You can also refer to this sample email:
I would be happy to attend, but I have a few tasks to complete first. Can I get back to you on this?
All the best,
5. Thanks for Thinking of Me
Let’s take a step back from formal emails for a second. You could also receive an invitation through a message on a site like LinkedIn or Facebook. “Thanks for thinking of me” would be more appropriate in these cases.
It applies in similar situations to “thanks for the invite.” It shows that you appreciate someone’s invitation. However, it is also quite open-ended, meaning you can explain whether you are able to attend or not after someone asks you.
Here are some message examples to show you how to use it if you’re still unsure:
Thanks for thinking of me for an interview. I’m not sure if I’ll be the right fit for the job he offers, though.
Thanks for thinking of me. I will happily accept the invitation. There are a few things I need to do first.
6. Thanks for Sending Me an Invite
“Thanks for sending me an invite” is a polite way to receive an invitation. This one applies in many situations, but we recommend using it in formal emails to show that you’re happy to be considered.
Generally, this works best when receiving an interview invitation. If you want to make it slightly more formal, you can also change “invite” to “invitation.” It’s up to you, though.
Check out this email sample if you need more help:
Thanks for sending me an invite for an interview. I will get back to you with my schedule later this week.
7. I Would Gladly Accept
It’s worth saying “I would gladly accept” when someone sends you an invitation, but you might not be able to attend. The key here is using “would,” as it implies that you would accept if you could, but something might be stopping you.
For instance, let’s assume a former colleague asked to meet with you. Perhaps you would like to meet with them, but you have work commitments that are preventing you from doing so. “I would gladly accept” is a great way to highlight this.
Here’s a great example to show you how it works:
I would gladly accept this invitation if I could. However, I have work commitments on that day.
8. I’ll Try and Be There
Sometimes, our work schedules are far too busy to know whether we can attend something. That’s why “I’ll try and be there” is a good synonym for “thanks for the invite.”

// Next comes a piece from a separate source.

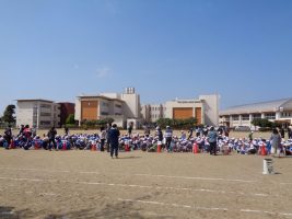 体育の時間にクラスごとに分かれて楽しく遊びました。ケイドロやドッジボールをしました。
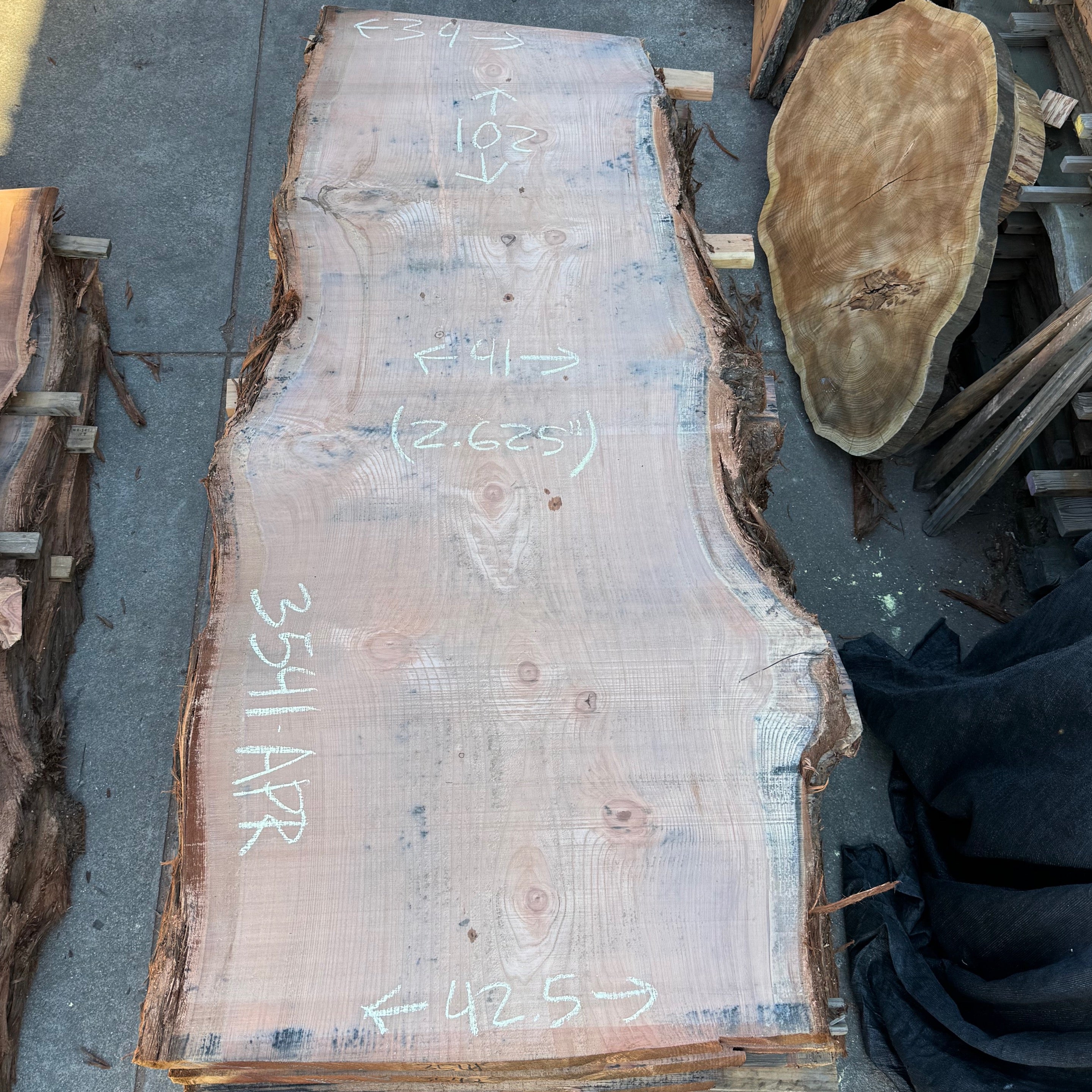 Redwood slab from Peroba Reclaimed measuring 2.625" thick x 34"-41"-42.5" wide x 102" long

It is a non-committal phrase that shows you will try your best but can’t make any promises. We recommend using it in a text message to friends who have invited you to something important.
Generally, “I’ll try and be there” works best when you have to decline an invitation. It also implies that you can’t guarantee you will attend without deliberately letting your friends down.
Perhaps these examples will help you as well:
I’ll try and be there at the time you suggested. I’m looking forward to meeting you and the crew.
Of course, I’ll try and be there. I would love to accept this invitation, but I am quite busy at the minute.
9. Thanks for the Opportunity
You can use “thanks for the opportunity” in formal messages when someone has offered you a really important invitation. It’s a great way to show that you appreciate the offer, even if you cannot accept an invitation.
So, you might use it when messaging an employer. It shows you appreciate the opportunity to work with them or attend an event, but you might not have the time to spare.
You should refer to these examples if you’re still stumped:
Thanks for the opportunity. I will let you know if I can attend the event a week before it is held.
Thanks for the opportunity. Though, I do not believe I’ll be able to make it. I’m sorry for any inconvenience caused.